A cynical distrust now permeates some people's views of the guidelines and the
Working Group. This outcome was unnecessary and should have been avoided.
Because there are aspects of the guidelines that could be improved
significantly, it is difficult to give them unqualified support. The following
points represent my major concerns with the published version of the document:
Discussion of the spectrum of severity of CFS, and the symptoms that may be
associated with the illness, is poor. This will not necessarily affect the
process of diagnosing CFS, but doctors may be confronted with symptoms they do
not associate with CFS, which could cause unnecessary confusion. It would have
been more helpful if the guidelines contained a table detailing the outcomes of
CBT/GET trials. This would have allowed both doctor and person with CFS to make
better-informed decisions about the effectiveness, relevance and appropriate use
of these therapies. The detection and treatment of neurally mediated
hypertension could have legitimately been discussed in Chapter 3, and would have
potentially given GPs another avenue by which to help some of their CFS
patients. Treatment options other than fludrocortisone do exist.

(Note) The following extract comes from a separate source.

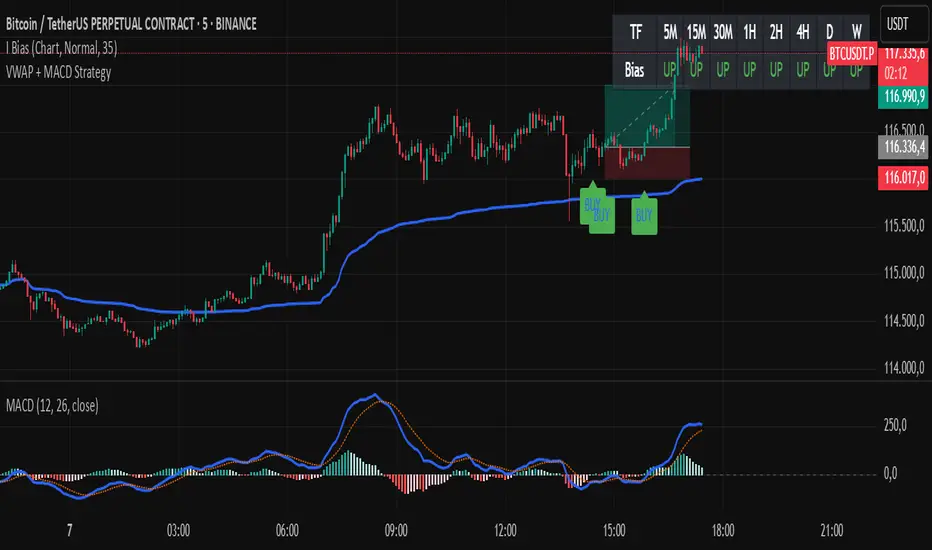This indicator combines the VWAP (Volume Weighted Average Price) with MACD (Moving Average Convergence Divergence) to create buy and sell signals. It helps traders identify potential market entry and exit points based on price action and momentum.

Far more CFS health consumer "evidence," as provided in written submissions
could have been included. This inadequacy calls into question the interpretation
and use of the National Health and Medical Research Council's "levels of
evidence" as required in evidence-based guidelines. CFS health consumer
experience can often be seen to be ahead of research projects and agenda. Such
experience needs to be treated more seriously. Other suitable formats within the
guidelines could have been used to enable their expression. It could also be
used to pre-empt
suitable research projects.
The guidelines receive at least a satisfactory grade for the issues listed as
Level 1 and Level 2 priorities, as discussed previously. For Level 3 priority
issues I believe some problems still exist, but in the overall context of the
guidelines these problems are generally minor (but annoying nonetheless). For
Level 4 priority issues, the guidelines receive an unsatisfactory grade owing to
problems with the guideline-development process. However, as I discussed above,
the
impact of the process on the content of the guidelines - and thus on the
overwhelming majority of people with CFS - is very limited.
Craig Ellis B.A., B.S.W. (Hons), Cert. E.F.M., Cert. Adv. Eng.
June 2002
Consumer Health Forum representative, December 1996 - June 2002
Member, CFS Guidelines Working Group, December 1996 - May 2002
Member, ME/CFS Society of Victoria Inc.